Department of Microbiology and Immunology, Center for Infectious Disease Research, Medical College of Wisconsin, Milwaukee, WI, USA.
Department of Molecular Biology and Microbiology, Tufts University School of Medicine, Boston, MA, USA.
Cell Microbiol. 2017 Dec;19(12). doi: 10.1111/cmi.12786. Epub 2017 Sep 26.
Borrelia burgdorferi (Bb) is the causative agent of Lyme disease in the United States, a disease that can result in carditis, and chronic and debilitating arthritis and/or neurologic symptoms if left untreated. Bb survives in the midgut of the Ixodes scapularis tick, or within tissues of immunocompetent hosts. In the early stages of infection, the bacteria are present in the bloodstream where they must resist clearance by the innate immune system of the host. We have found a novel role for outer surface protein C (OspC) from B. burgdorferi and B. garinii in interactions with the complement component C4b and bloodstream survival in vivo. Our data show that OspC inhibits the classical and lectin complement pathways and competes with complement protein C2 for C4b binding. Resistance to complement is important for maintenance of the lifecycle of Bb, enabling survival of the pathogen within the host as well as in the midgut of a feeding tick when ospC expression is induced.

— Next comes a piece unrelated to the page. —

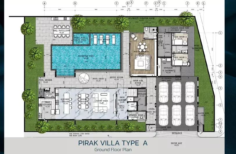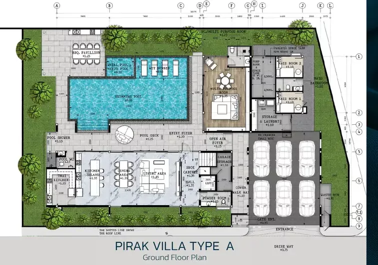 Pirak Villa effortlessly combines luxury and functionality. With amenities like an elevator and a spacious swimming pool with a wet bed, along with parking for three to six cars, it's where convenience meets comfort in perfect harmony. More Detail

伯氏疏螺旋体(Bb)是美国莱姆病的病原体,如果不治疗,该病可导致心炎、慢性和衰弱性关节炎和/或神经症状。Bb 存在于印鼠客蚤的中肠,或存在于免疫功能正常宿主的组织中。在感染的早期,细菌存在于血液中,必须抵抗宿主固有免疫系统的清除。我们发现伯氏疏螺旋体和伽氏疏螺旋体的外表面蛋白 C(OspC)在与补体成分 C4b 的相互作用以及体内血液生存方面具有新的作用。我们的数据表明,OspC 抑制经典和凝集素补体途径,并与补体蛋白 C2 竞争 C4b 结合。对补体的抗性对于维持 Bb 的生命周期很重要,使病原体能够在宿主内以及在 ospC 表达被诱导时的吸血蚤的中肠内生存。